DATASET SECTION

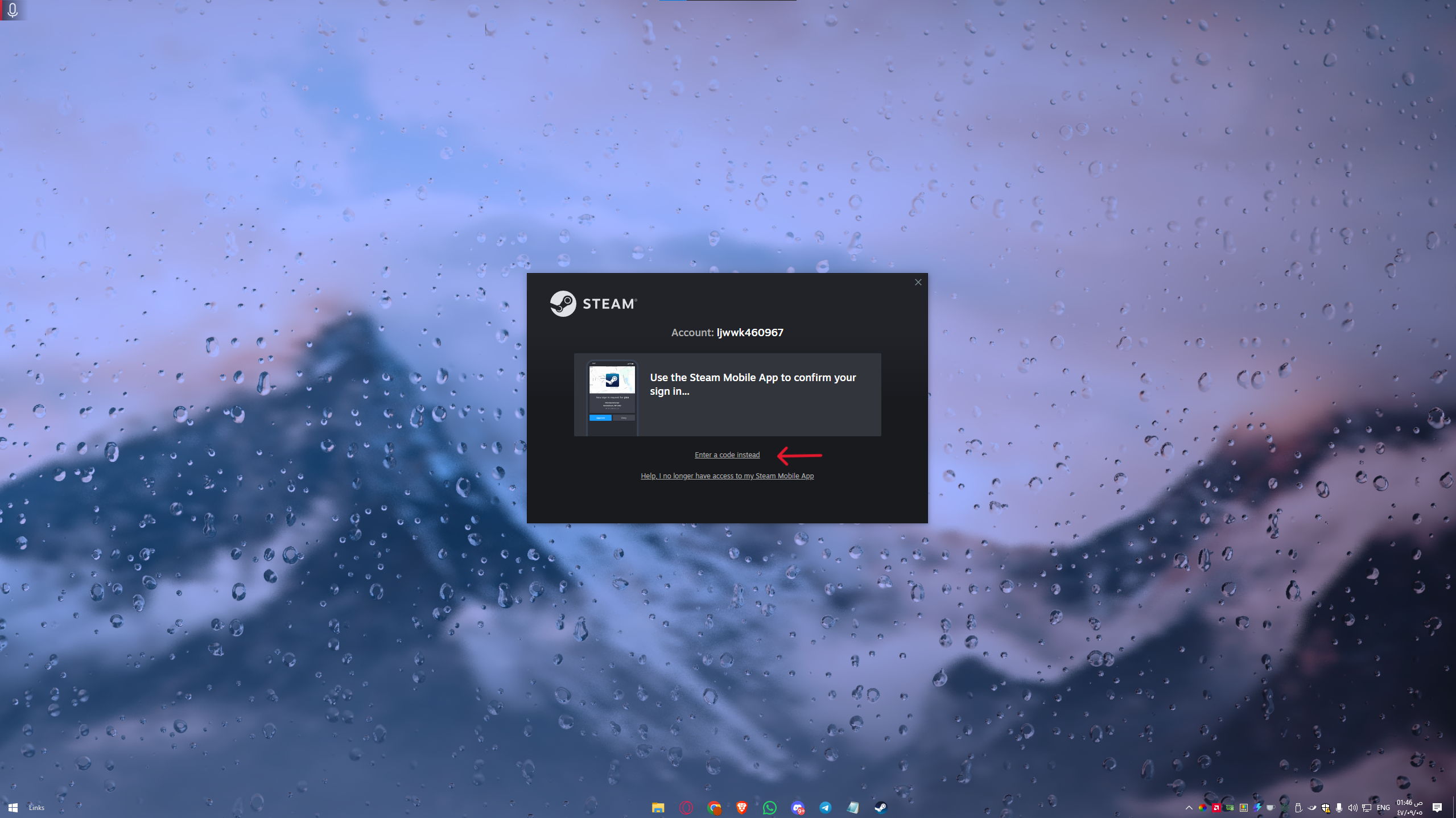 : عند فتح الحساب، سيطلب منك نظام الحماية التأكيد. اضغط على خيار "Enter a code instead" المشار إليه بالسهم الأحمر.
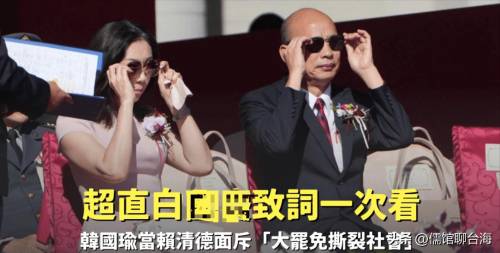 韩国瑜庆典致辞:言辞尖锐,政治色彩浓厚
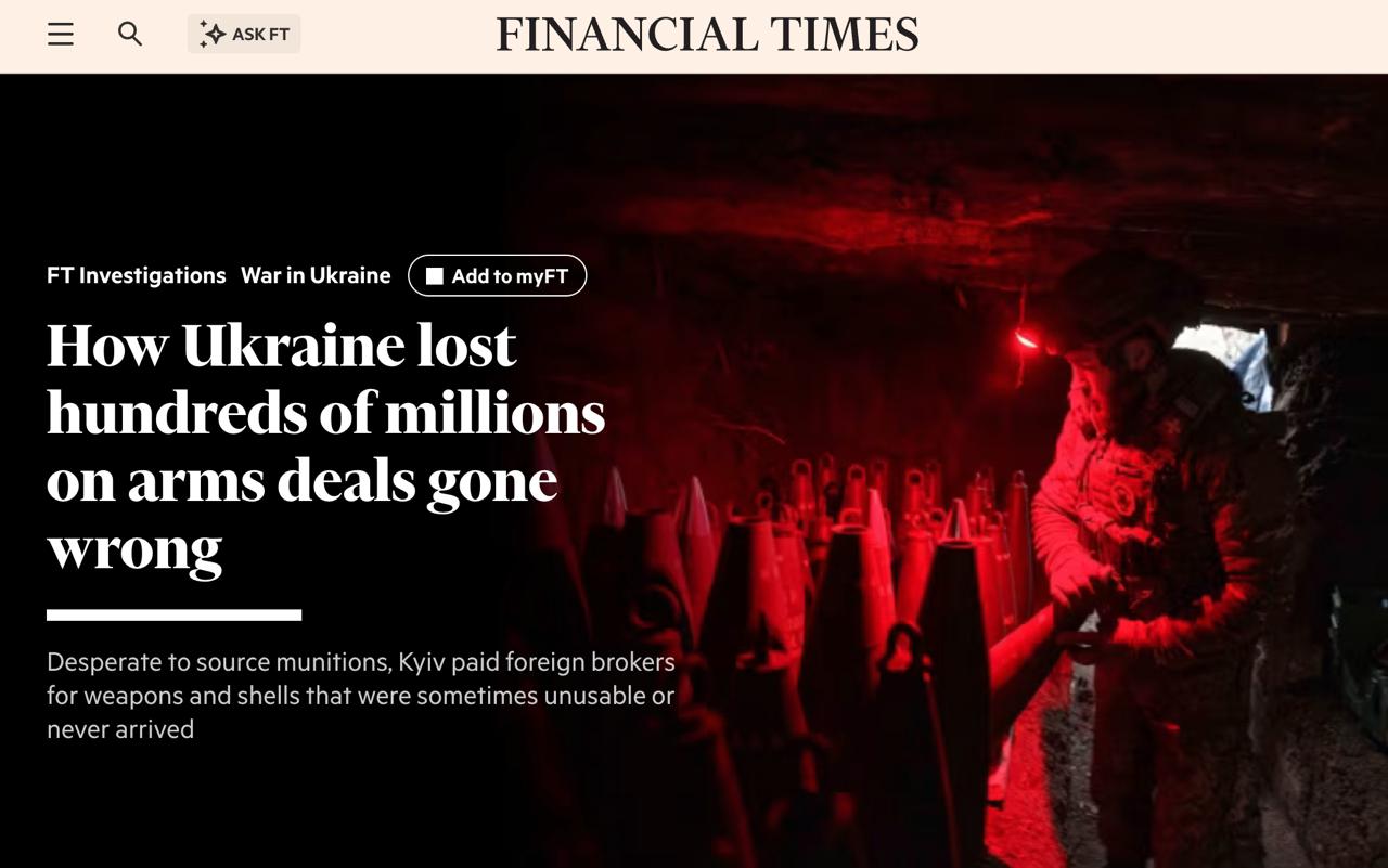 Відчайдушно намагаючись отримати боєприпаси, Київ платив іноземним посередникам за зброю та снаряди, які іноді виявлялися непридатними для використання чи взагалі не прибували. Деколи це були маловідомі компанії, які отримували авансом великі суми.

TASK STATEMENT
Please reproduce only the lines from the one holding "韩国瑜庆典致辞:言辞尖锐,政治色彩浓厚" through the final line of the listing above, both included, with each picture left out.

REPLY
 韩国瑜庆典致辞:言辞尖锐,政治色彩浓厚
 Відчайдушно намагаючись отримати боєприпаси, Київ платив іноземним посередникам за зброю та снаряди, які іноді виявлялися непридатними для використання чи взагалі не прибували. Деколи це були маловідомі компанії, які отримували авансом великі суми.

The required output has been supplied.